■ **Listed records**:
[Start of Attachment]
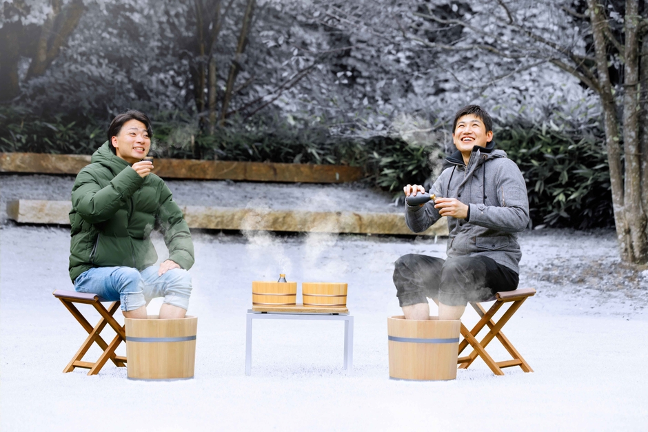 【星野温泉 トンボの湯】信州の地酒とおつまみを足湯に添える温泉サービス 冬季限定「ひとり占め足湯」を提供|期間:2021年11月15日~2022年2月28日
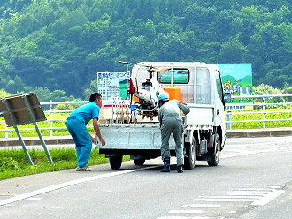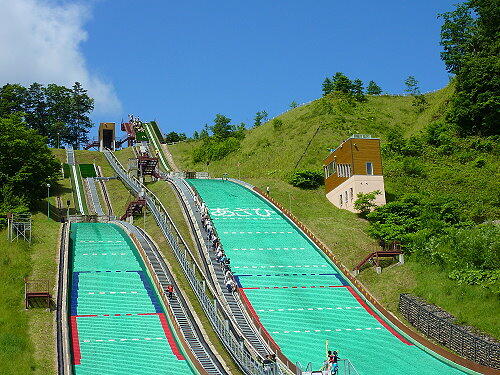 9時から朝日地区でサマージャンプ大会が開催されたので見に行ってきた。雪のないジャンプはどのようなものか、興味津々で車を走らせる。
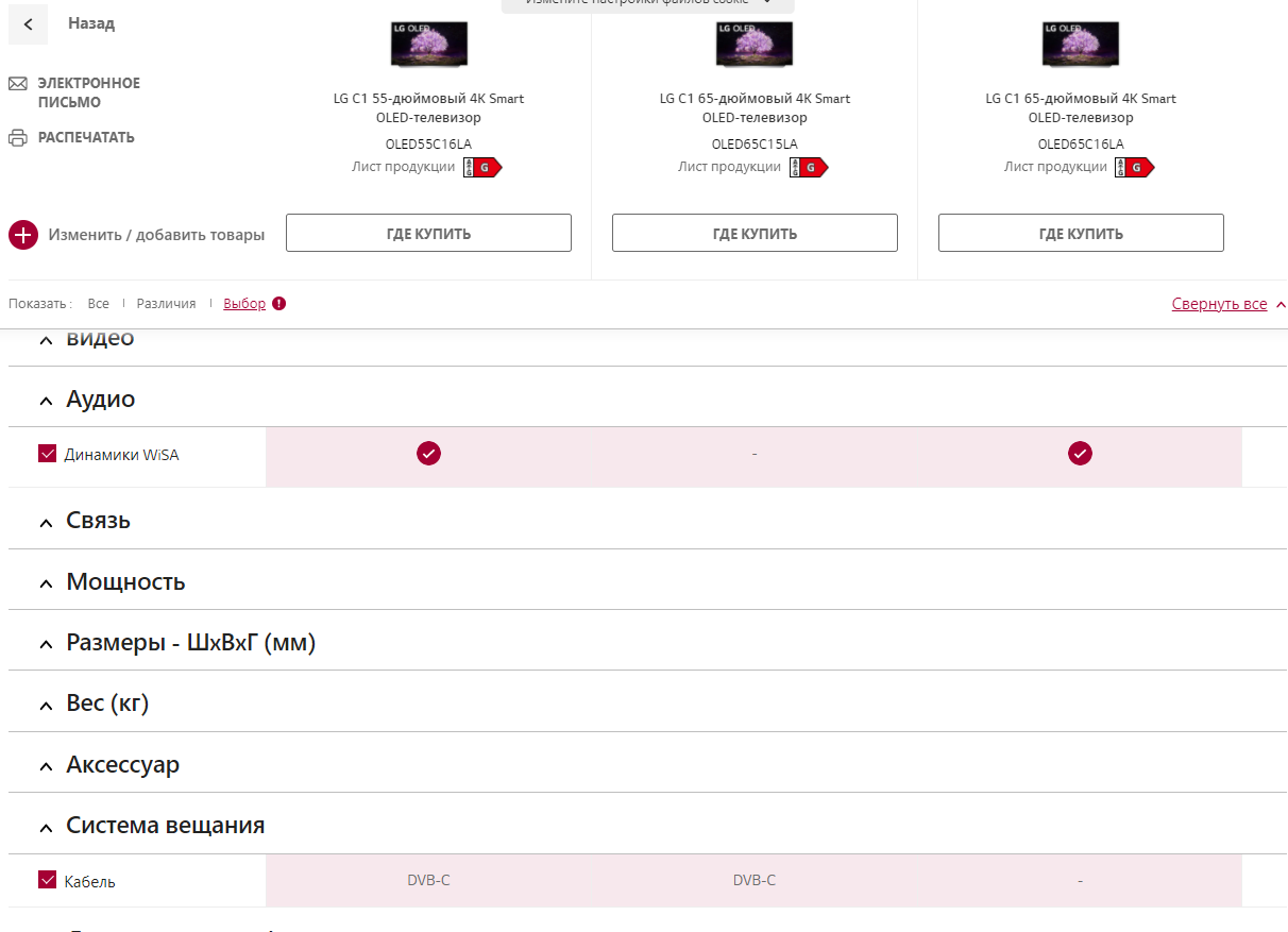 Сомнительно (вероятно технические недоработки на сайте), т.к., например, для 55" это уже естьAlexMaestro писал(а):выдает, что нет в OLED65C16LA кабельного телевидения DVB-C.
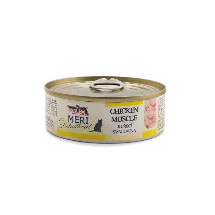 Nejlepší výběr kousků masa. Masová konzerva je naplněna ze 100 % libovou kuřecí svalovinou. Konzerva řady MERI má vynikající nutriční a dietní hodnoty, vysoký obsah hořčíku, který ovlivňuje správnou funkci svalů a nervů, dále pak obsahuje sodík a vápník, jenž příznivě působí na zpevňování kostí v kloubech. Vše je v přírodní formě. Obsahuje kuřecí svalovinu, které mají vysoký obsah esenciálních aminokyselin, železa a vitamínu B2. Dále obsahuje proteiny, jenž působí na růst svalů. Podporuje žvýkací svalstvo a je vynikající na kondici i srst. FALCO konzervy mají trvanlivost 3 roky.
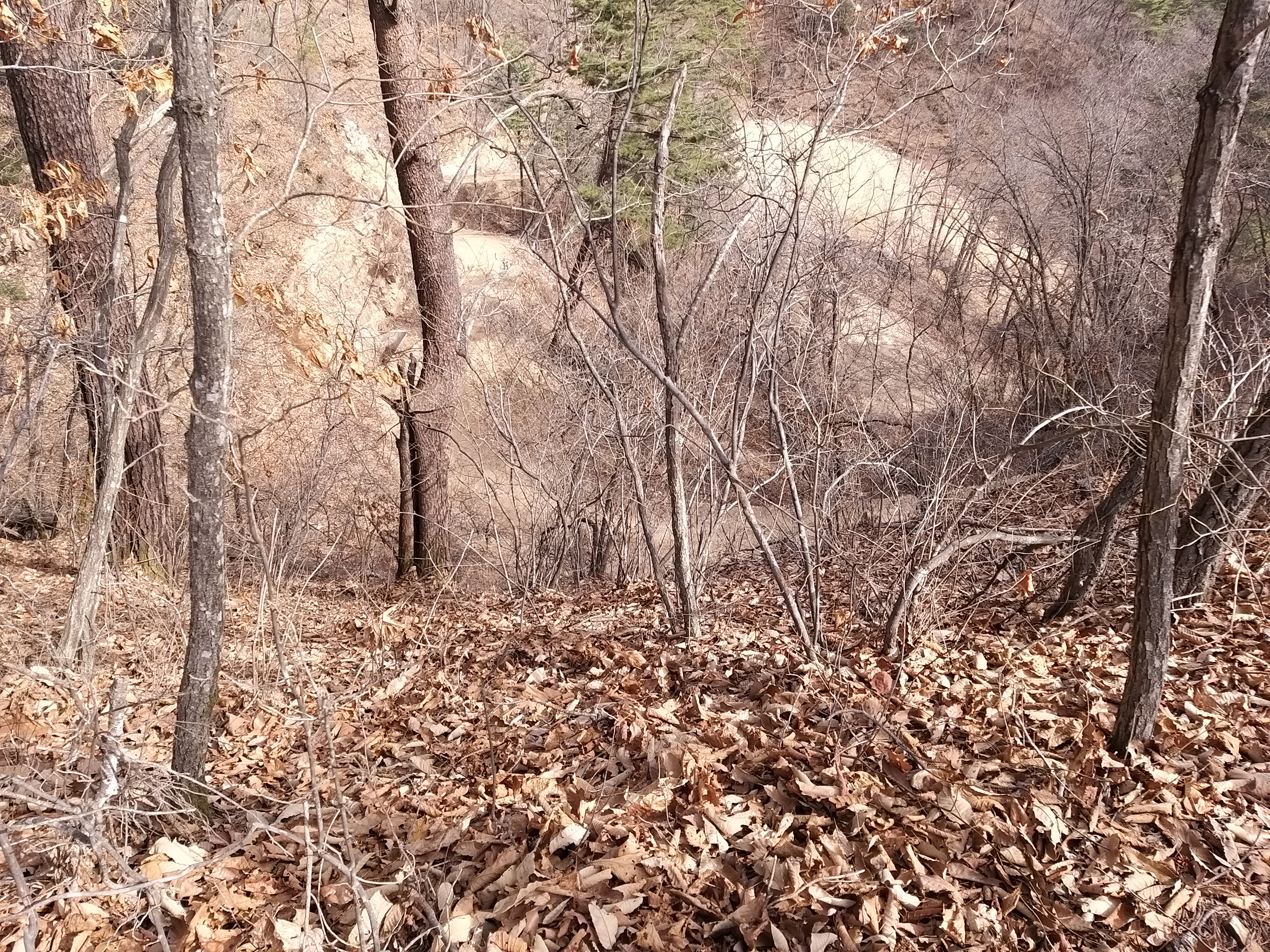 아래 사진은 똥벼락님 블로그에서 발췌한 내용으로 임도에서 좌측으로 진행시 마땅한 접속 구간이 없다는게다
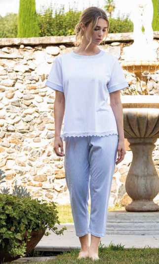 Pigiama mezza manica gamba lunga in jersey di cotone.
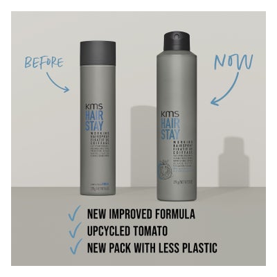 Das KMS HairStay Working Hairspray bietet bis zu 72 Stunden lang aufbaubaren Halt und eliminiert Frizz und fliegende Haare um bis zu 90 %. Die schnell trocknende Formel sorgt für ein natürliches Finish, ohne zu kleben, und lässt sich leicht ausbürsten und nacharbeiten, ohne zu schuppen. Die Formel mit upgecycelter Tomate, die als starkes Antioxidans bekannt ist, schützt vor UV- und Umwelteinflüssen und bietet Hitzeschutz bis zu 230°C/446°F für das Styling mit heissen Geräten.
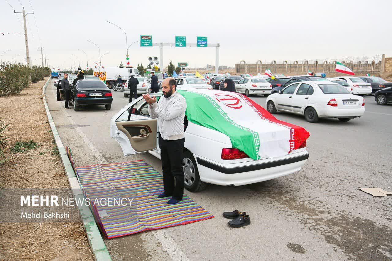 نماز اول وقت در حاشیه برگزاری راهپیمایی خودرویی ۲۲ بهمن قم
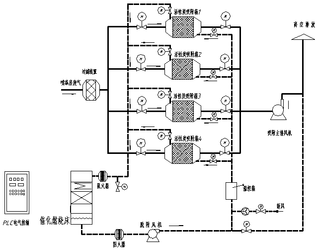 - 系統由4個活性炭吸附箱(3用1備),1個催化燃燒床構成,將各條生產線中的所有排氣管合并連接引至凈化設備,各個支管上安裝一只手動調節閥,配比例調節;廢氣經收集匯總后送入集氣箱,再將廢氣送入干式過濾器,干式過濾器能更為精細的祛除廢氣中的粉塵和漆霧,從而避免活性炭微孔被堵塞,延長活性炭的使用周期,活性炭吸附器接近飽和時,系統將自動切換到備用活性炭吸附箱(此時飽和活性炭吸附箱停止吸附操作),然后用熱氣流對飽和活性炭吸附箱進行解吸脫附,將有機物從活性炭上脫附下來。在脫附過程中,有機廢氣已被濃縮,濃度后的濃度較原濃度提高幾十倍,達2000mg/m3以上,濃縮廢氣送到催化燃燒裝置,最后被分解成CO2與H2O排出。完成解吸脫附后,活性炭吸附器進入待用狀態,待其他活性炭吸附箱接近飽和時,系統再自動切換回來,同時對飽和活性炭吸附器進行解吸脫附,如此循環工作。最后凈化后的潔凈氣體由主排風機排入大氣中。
[End of Attachment]
■ **What you have to do**: Please set down the records above word for word and omit their pictures.

■ **Exercise result**:
 【星野温泉 トンボの湯】信州の地酒とおつまみを足湯に添える温泉サービス 冬季限定「ひとり占め足湯」を提供|期間:2021年11月15日~2022年2月28日
 9時から朝日地区でサマージャンプ大会が開催されたので見に行ってきた。雪のないジャンプはどのようなものか、興味津々で車を走らせる。
 Сомнительно (вероятно технические недоработки на сайте), т.к., например, для 55" это уже естьAlexMaestro писал(а):выдает, что нет в OLED65C16LA кабельного телевидения DVB-C.
 Nejlepší výběr kousků masa. Masová konzerva je naplněna ze 100 % libovou kuřecí svalovinou. Konzerva řady MERI má vynikající nutriční a dietní hodnoty, vysoký obsah hořčíku, který ovlivňuje správnou funkci svalů a nervů, dále pak obsahuje sodík a vápník, jenž příznivě působí na zpevňování kostí v kloubech. Vše je v přírodní formě. Obsahuje kuřecí svalovinu, které mají vysoký obsah esenciálních aminokyselin, železa a vitamínu B2. Dále obsahuje proteiny, jenž působí na růst svalů. Podporuje žvýkací svalstvo a je vynikající na kondici i srst. FALCO konzervy mají trvanlivost 3 roky.
 아래 사진은 똥벼락님 블로그에서 발췌한 내용으로 임도에서 좌측으로 진행시 마땅한 접속 구간이 없다는게다
 Pigiama mezza manica gamba lunga in jersey di cotone.
 Das KMS HairStay Working Hairspray bietet bis zu 72 Stunden lang aufbaubaren Halt und eliminiert Frizz und fliegende Haare um bis zu 90 %. Die schnell trocknende Formel sorgt für ein natürliches Finish, ohne zu kleben, und lässt sich leicht ausbürsten und nacharbeiten, ohne zu schuppen. Die Formel mit upgecycelter Tomate, die als starkes Antioxidans bekannt ist, schützt vor UV- und Umwelteinflüssen und bietet Hitzeschutz bis zu 230°C/446°F für das Styling mit heissen Geräten.
 نماز اول وقت در حاشیه برگزاری راهپیمایی خودرویی ۲۲ بهمن قم
 - 系統由4個活性炭吸附箱(3用1備),1個催化燃燒床構成,將各條生產線中的所有排氣管合并連接引至凈化設備,各個支管上安裝一只手動調節閥,配比例調節;廢氣經收集匯總后送入集氣箱,再將廢氣送入干式過濾器,干式過濾器能更為精細的祛除廢氣中的粉塵和漆霧,從而避免活性炭微孔被堵塞,延長活性炭的使用周期,活性炭吸附器接近飽和時,系統將自動切換到備用活性炭吸附箱(此時飽和活性炭吸附箱停止吸附操作),然后用熱氣流對飽和活性炭吸附箱進行解吸脫附,將有機物從活性炭上脫附下來。在脫附過程中,有機廢氣已被濃縮,濃度后的濃度較原濃度提高幾十倍,達2000mg/m3以上,濃縮廢氣送到催化燃燒裝置,最后被分解成CO2與H2O排出。完成解吸脫附后,活性炭吸附器進入待用狀態,待其他活性炭吸附箱接近飽和時,系統再自動切換回來,同時對飽和活性炭吸附器進行解吸脫附,如此循環工作。最后凈化后的潔凈氣體由主排風機排入大氣中。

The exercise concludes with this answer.